=== Data to process ===

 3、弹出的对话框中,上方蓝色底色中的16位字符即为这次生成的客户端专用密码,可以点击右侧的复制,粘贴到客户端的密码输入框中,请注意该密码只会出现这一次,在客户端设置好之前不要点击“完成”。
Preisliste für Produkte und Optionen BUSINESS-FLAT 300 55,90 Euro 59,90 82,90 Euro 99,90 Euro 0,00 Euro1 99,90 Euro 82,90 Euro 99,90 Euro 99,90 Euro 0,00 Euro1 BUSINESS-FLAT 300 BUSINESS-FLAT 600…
==
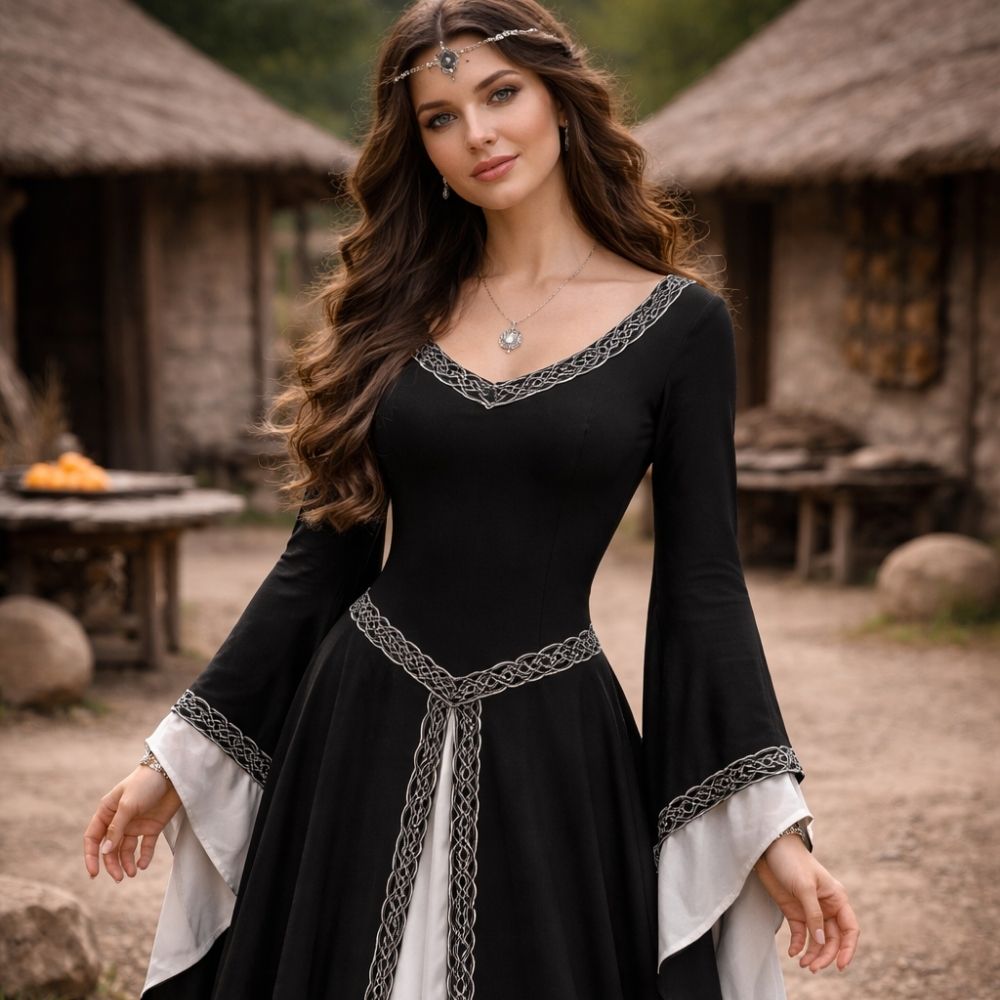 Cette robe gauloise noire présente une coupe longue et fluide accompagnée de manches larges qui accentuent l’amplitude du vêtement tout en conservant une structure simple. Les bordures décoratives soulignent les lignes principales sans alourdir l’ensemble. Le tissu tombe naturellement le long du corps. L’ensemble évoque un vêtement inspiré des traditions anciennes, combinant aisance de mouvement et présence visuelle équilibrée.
...
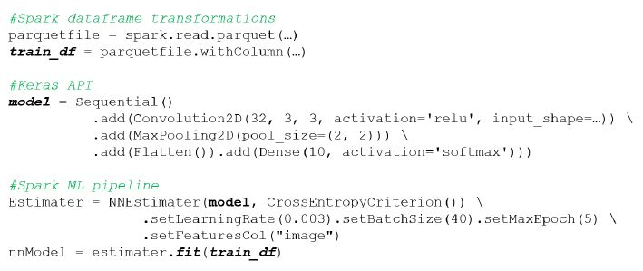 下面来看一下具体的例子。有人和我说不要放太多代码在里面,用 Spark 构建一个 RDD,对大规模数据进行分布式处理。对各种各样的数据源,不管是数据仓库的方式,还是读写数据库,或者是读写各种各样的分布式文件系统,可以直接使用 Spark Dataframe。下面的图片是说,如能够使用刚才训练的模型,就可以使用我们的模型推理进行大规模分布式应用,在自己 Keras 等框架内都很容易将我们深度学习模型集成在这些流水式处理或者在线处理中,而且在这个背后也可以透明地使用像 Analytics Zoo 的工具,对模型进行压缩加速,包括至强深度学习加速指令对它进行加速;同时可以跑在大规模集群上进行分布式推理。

=== Brief ===
The range runs from the line above containing "3、弹出的对话框中,上方蓝色" to the line containing "Preisliste für Produkte", inclusive. Restate those lines word for word and no others.

=== Response area ===
 3、弹出的对话框中,上方蓝色底色中的16位字符即为这次生成的客户端专用密码,可以点击右侧的复制,粘贴到客户端的密码输入框中,请注意该密码只会出现这一次,在客户端设置好之前不要点击“完成”。
Preisliste für Produkte und Optionen BUSINESS-FLAT 300 55,90 Euro 59,90 82,90 Euro 99,90 Euro 0,00 Euro1 99,90 Euro 82,90 Euro 99,90 Euro 99,90 Euro 0,00 Euro1 BUSINESS-FLAT 300 BUSINESS-FLAT 600…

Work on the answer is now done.